I'm looking for a clam that is easy to breed and won't parasitize fish, but I can't find any info on google on clam breeding. 
Any clues?


----------



## crataegus (Nov 16, 2006)

Corbicula (aka golden clams, asiatic clams) are kept by some people, but you would need to check with your department of natural resources to find out if they're illegal in your area before keeping them. Corbicula are aquatic invaders in many parts of the world. As far as I know, their larvae do not parasitize fish, but maybe we have a malacologist who could give better information. I do not know how easy they are to breed in an aquarium.

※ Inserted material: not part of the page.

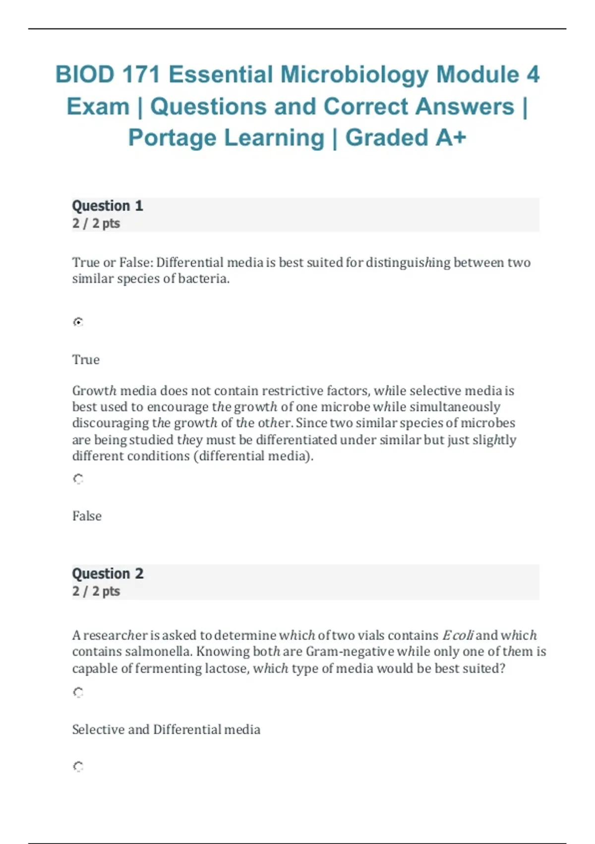 This document provides the BIOD 171 Essential Microbiology Module 4 exam questions with correct and verified answers for Portage Learning, updated for the 2026/2027 academic cycle. It covers key Module 4 topics with clear explanations to support understanding, reinforce core microbiology concepts, and improve exam readiness. The material is structured for efficient review and successful assessment performance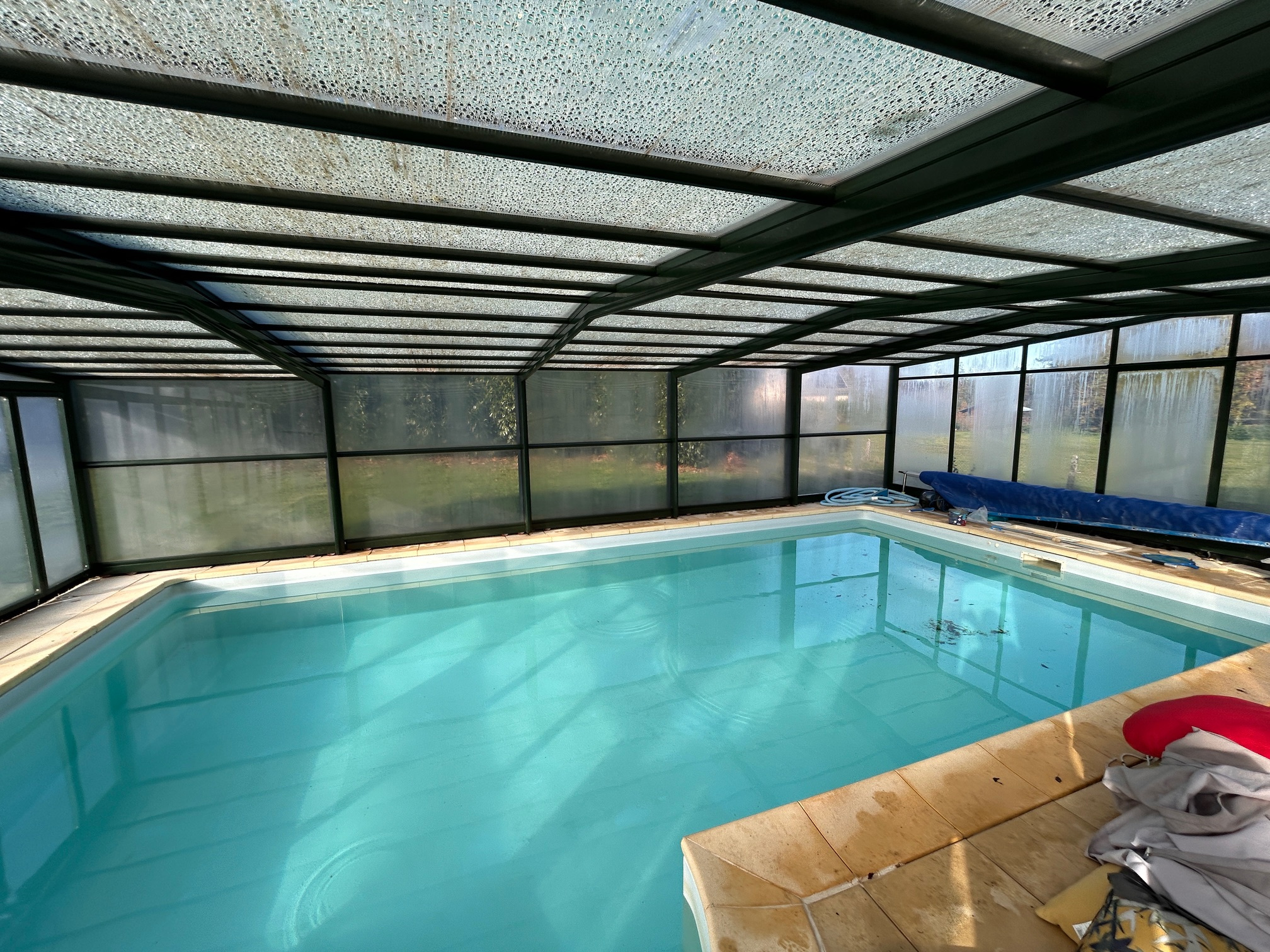 L'extérieur possède une piscine entièrement couverte par un dôme, une terrasse de 30 m2, et deux terrasses couvertes, un garage non-attenant et un hangar fermé de plus de 220 m2. Le tout sur un terrain d'environ 3600 m2 clos.

Uniodae (freshwater mussels sometimes called clams) do release their young as parasitic glochidia, but I believe that each species' glochidia parasitize different species of fish. Between pollution and these exacting needs for reproduction, many Uniodae are endangered. Some US states have laws forbidding collection or ownership of any Uniodae. These would also be very difficult to breed in an aquarium. There is a Southeast Asian Uniodae available for sale from some dealers in the US and European countries. I don't know if that species requires specific hosts for glochidia, but those glochidia would parasitize fish.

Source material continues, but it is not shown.